In traditional Chinese medicine, knotweed has bitter and cool properties, and is associated with the Bladder meridian. It is taken internally to treat respiratory conditions such as bronchitis, cough, and inflammations of the mouth and throat, and has been approved by the German Commission E for those conditions. It is also used to treat certain skin disorders and parasites, and may help stop bleeding. Animal studies have shown that injections of knotweed decoctions can have a diuretic effect, which is more pronounced with increased dosages.

How much knotweed should I take?

The typical dose of knotweed is between 9 and 15 grams per day, taken internally as a decoction or powder. Concentrated extracts are also available; for a 5:1 extract, the recommended dose is 2-3 grams per day. Knotweed can also be ground into a tea for both internal and external applications.

What forms of knotweed are available?

Knotweed is available in pill, powder and decoction forms. Some herbal shops also sell concentrated knotweed extracts, which can be diluted in water.

What can happen if I take too much knotweed? Are there any interactions I should be aware of? What precautions should I take?
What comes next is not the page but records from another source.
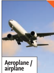
Aeroplane / airplane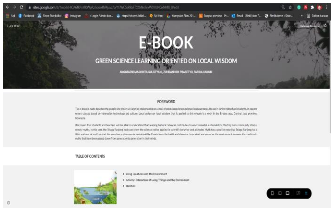
Fig. 3. Product Draft Start Page View.

The next stage is product development, namely from product drafts according to Fig. 3. The use of google sites is easy to use in the process of making e-books, without using complicated web coding, you can create good website features.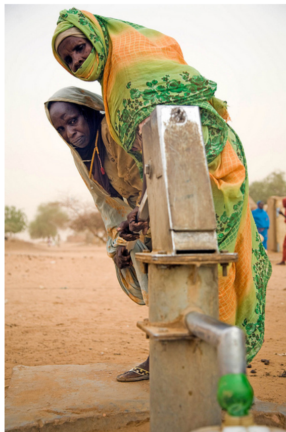
Women at a water pump in North Darfur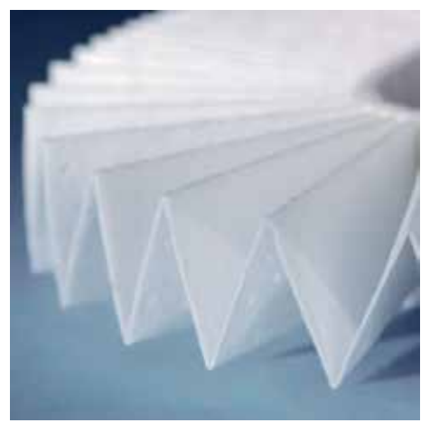
Environmentally friendly filter is made of special 3-ply, fully recyclable non-woven material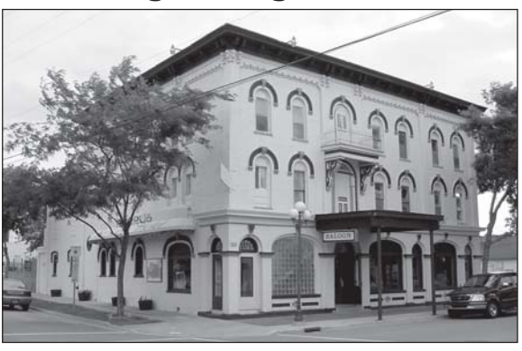
Perry's Schuch Hotel is located on 301 N. Hamilton St. in Old Saginaw City.

Perry invested $500,000 in the project and will hire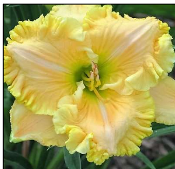
DIVINE SEDUCTION 38", Tet, 7", SEv, EM, Re HARRY-P. 2013 $25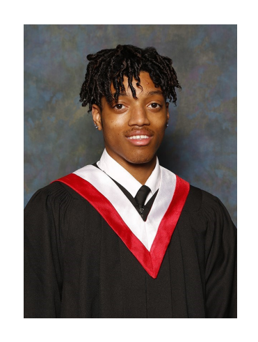
2019 Eaton Graduation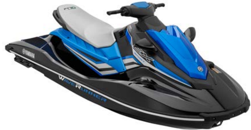
Black with Azure Blue

It has our famously smooth, reliable, economical power, plus everything needed to get you on the water in style - clear informative instrumentation, mechanical reverse, dual mirrors, re-boarding step and handle, a tow hook and generous storage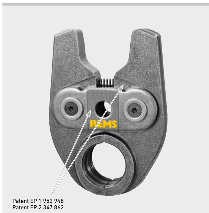
German Quality Product

With this traceability REMS fulfils the recommendations of the European standard EN 1775:2007 for the installation of pressfitting systems for gas.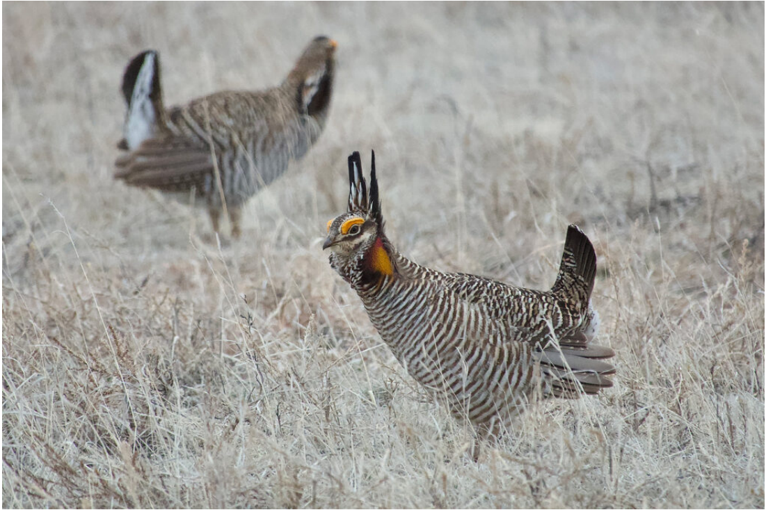
(hybrid) Greater x Lesser Prairie Chicken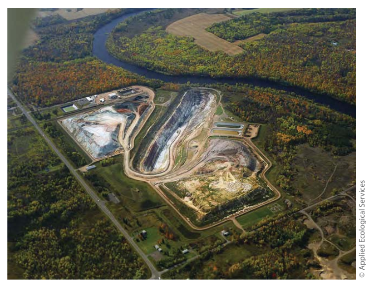
▲ Flambeau mine, 1996: Production at the Flambeau mine began in 1993. The mine produced 1.9 million tons of high-grade copper ore—yielding 181,000 tons of copper, 3.3 million ounces of silver, and 334,000 ounces of gold—before it was closed in 1997.

Two Michigan deposits (Copperwood and the Back Forty) are included on the map. Both are relatively large tonnage, nonferrous sulfide deposits. Copperwood has just begun the formal state permitting process; the Back Forty is scheduled to apply for a mining permit early in 2012. If these deposits are permitted and become mines, they will likely include ore processing infrastructure (such as a mill) whose proximity to northern Wisconsin sulfide deposits may well make those deposits more economically viable.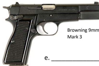
Browning 9mm Mark 3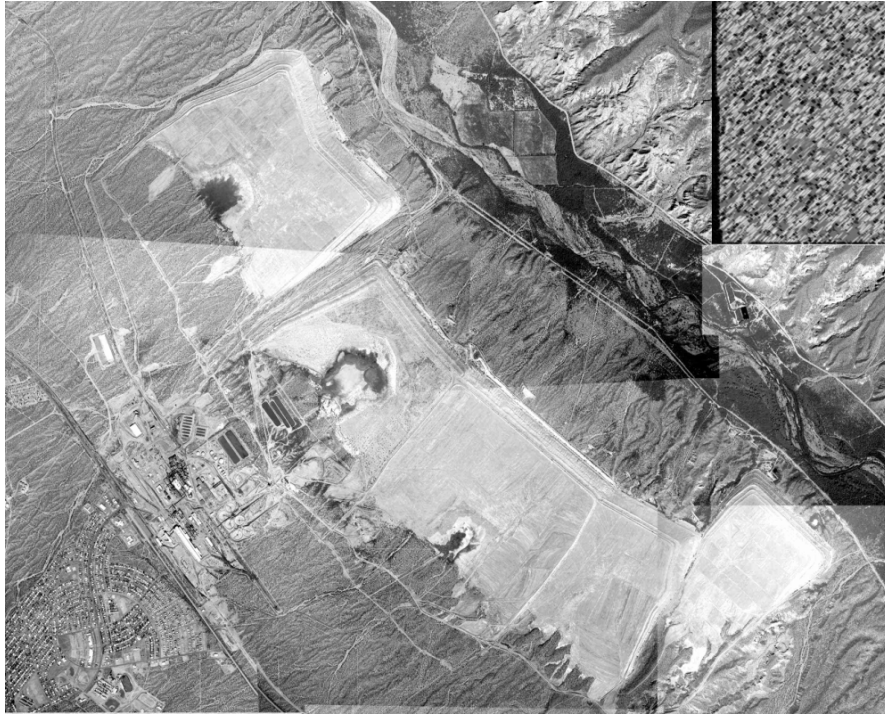
Photo 1 San Manuel Plant Site Operations (Aerial view pre-closure)

BHP worked within the Pinal County Comprehensive Plan (2005) as well as local economic development agencies to identify appropriate land use options and opportunities for the Plant Site. In areas of former heavy industrial activity, BHP collaborated with the Arizona Department of Environmental Quality to establish appropriate soil remediation levels for site remediation. The operations are shown on Photo 1.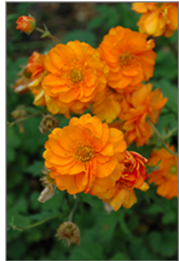
Fire Storm Avens flowers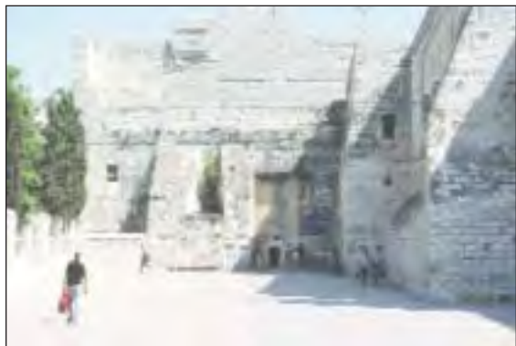
Bethlehem: Church of the Nativity

It has been said that the name “Bethlehem” stirs the heart of every Christian throughout the world. Micah prophesied that it would be the birthplace of Jesus of Nazareth: “But you, O Beth-lehem Ephrathah, who are little to be among the clans of Judah, from you shall come forth for me one who is to be ruler in Israel” (Micah 5:2). We also remember the stories of Ruth and Boaz (Ruth 2-4) and of David protecting his father’s flocks from the lion and the bear (1 Sam. 17:34-35). But it is the image of “shepherds out in the field, keeping watch over their flock” that at Christmas time works its magic, and of an angel standing above the shepherds saying: “For to you is born this day in the city of David a Savior, who is Christ the Lord” (Luke 2:8-12). The site of the manger is said to be in a cave below the Church of the Nativity , which dates to the 6th century A.D. The original church was constructed by Constantine (ca. 326 A.D.) after the site was identified by his mother Helena.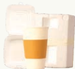
Foam Cups & Containers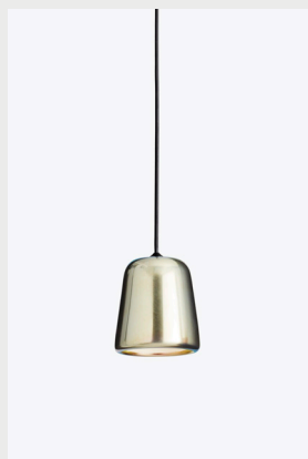
Item No: 20121 / 20121US Variant: Yellow Steel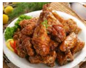
Y4. Deep Fried Crispy Chicken with Korean Style Soy Garlic Sauce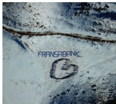
a heart-shape formed by Fransabank employees in Chouf Cedar reserve

In a fast-paced working and extremely productive environment, Fransabank Human Resources Department is always committed to its own "human-centered" philosophy thus creates cheerful and casual occasions which gather all Fransabank's people outside the working context. These occasions include bonding activities objectives which are to enrich teamwork spirit, drive responsibility and creative thinking.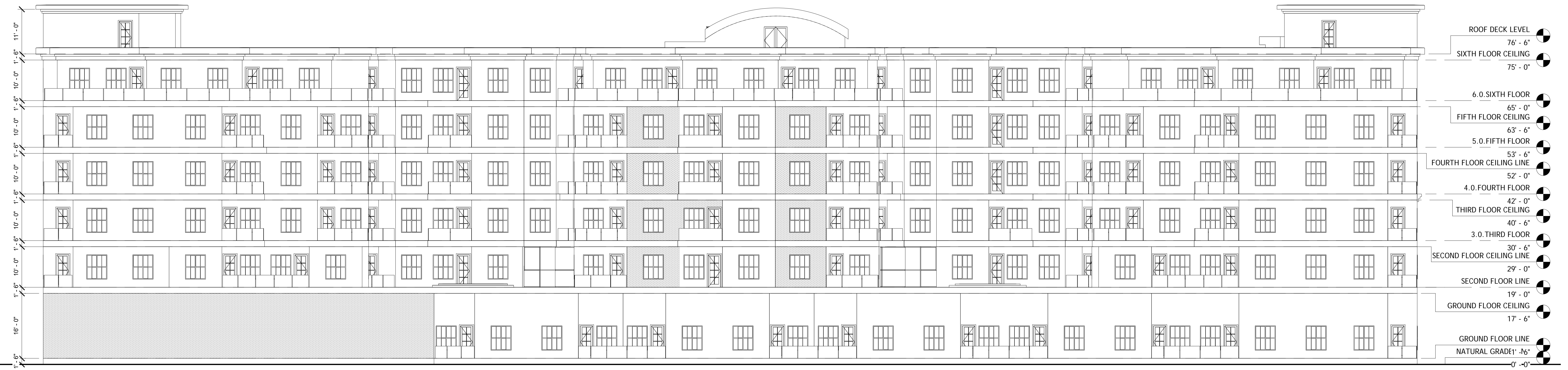
2 REAR ELEVATION A2.1 3/32" = 1'-0"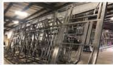
HSLA - HIGH STRENGTH LOW ALLOY STEEL 72% STRONGER THAN ALUMINUM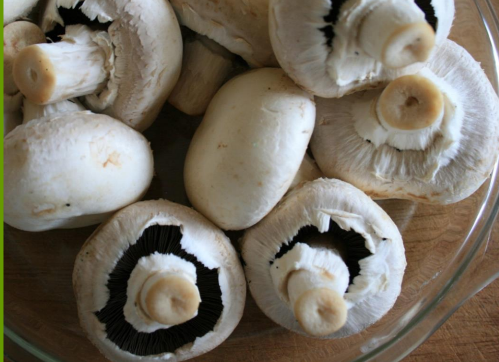
Agaricus bisporus Common mushroom

Endeavour HERITAGE FUND Kew Royal Botanic Gardens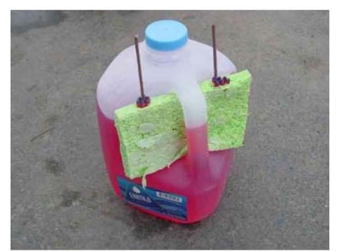
(U) Improvised Incendiary Device

(U//FOUO) Generally, IIDs are improvised more easily and are less expensive to make than improvised explosive devices (IEDs), according to a joint ATF-DHS-FBI Special Assessment.<sup>4</sup>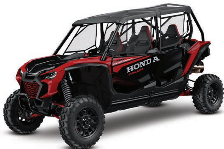
2022 Talon 1000X-4 FOX Live Valve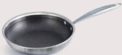
Frypan without Glass Lid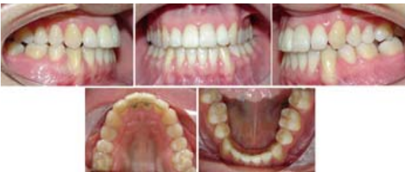
Fig. 8: post treatment intraoral photographs

The teeth were retained using a bonded 0.0195 twist flex wire from maxillary lateral to lateral incisors (the patient refusing to restore the central incisor at that time) and from mandibular canine to canine. In addition, clear vacuum-formed removable retainers were delivered for a night-time use.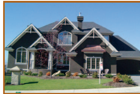
Spring Valley Estates $829,000 3371 77 Street, SW

You must see the spectacular Elbow River Valley & Rocky Mountain views from both levels of this new hillside bungalow! 2585 s.f. on the main floor + dev'd walkout basement for a total of 4400 s.f. with a total of 5 bedrooms, open plan main floor w/ den, great room, island kitchen, master BR w/ fireplace, lower games room & media room, huge 20' long front deck with Plexiglas surround, triple underdrive garage.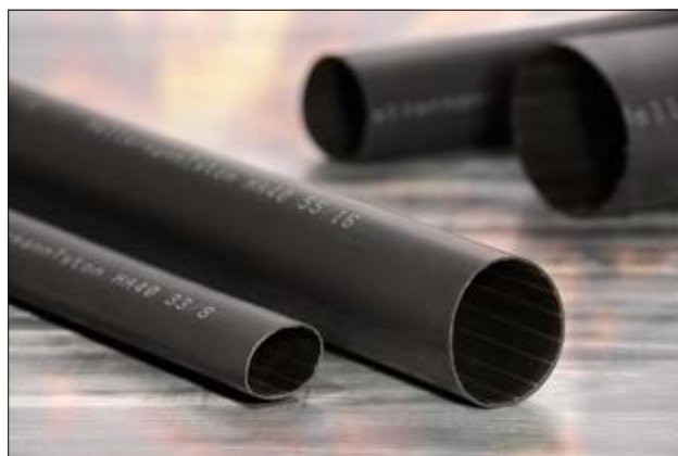
HA40 thick wall, adhesive lined and flame retarded tubing for shipbuilding applications.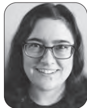
EDITOR Ashleigh Viveiros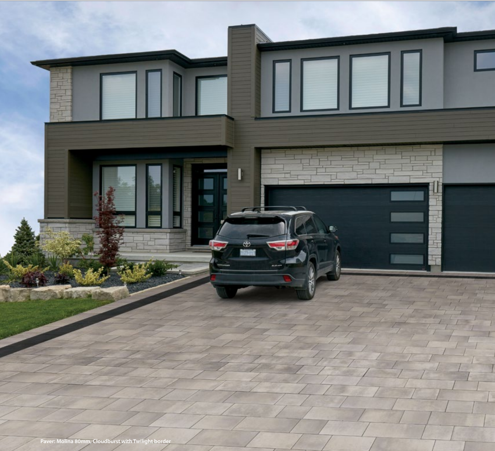
Paver: Molina 80mm, Cloudburst with Twilight border

The Molina line from Oaks enables holistic design concepts for your project. With its large format, smooth surface, clean edges and reduced joint spacing, Molina is ideal for creating inviting spaces, and meets wheelchair access specifications. At 80mm (3.15") thick, this paver is best suited for light traffic in areas such as driveways or parking areas, while our new 60mm (2.36") thickness offers complete versatility for use in pedestrian areas.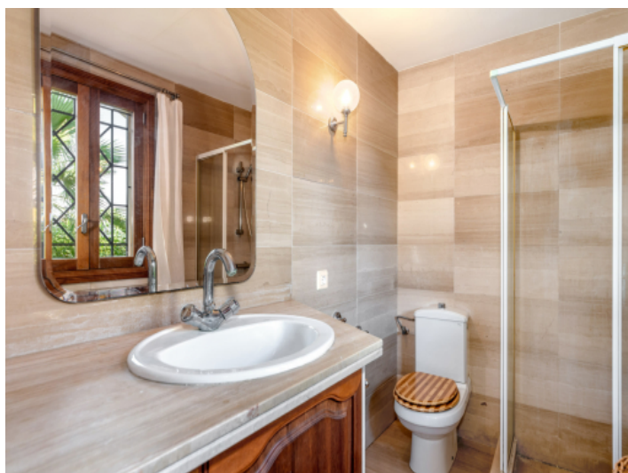
One of in total 3 bathrooms

As of this writing, there are no known side-effects associated with knotweed, nor are there any known drug interactions with knotweed. However, it should be avoided by patients with spleen and stomach deficiencies, or patients with yin deficiency. As always, make sure to consult with a licensed health care provider before taking knotweed or any other herbal remedy or dietary supplement.

References

  • Editorial Committee of Chinese Materia Medica. State Drug Administration of China. Chinese Materia Medica. Shanghai Science and Technology Press, 1998.
  • Blumenthal M, Busse W, Goldberg A (eds.) The Complete German Commission E Monographs. Therapeutic Guide to Herbal Medicines. Boston; Integrative Medicine Communications, 1998, pp. 157-158.
  • Gruenwald J, Brendler T, Jaenicke C (eds.) PDR for Herbal Medicines. Montvale, NJ: Medical Economics Company, 2000, pp. 448-449.
  • Ke MQ. Physiochemical and Pharmacological Properties of Active Components of Chinese Materia Medica, 2nd ed. Hunan Science and Technology Press, 1982.
  • Wichtl M. Teedrogen, 4 aufl. Stuttgart: Verlagsges, 1997. In German.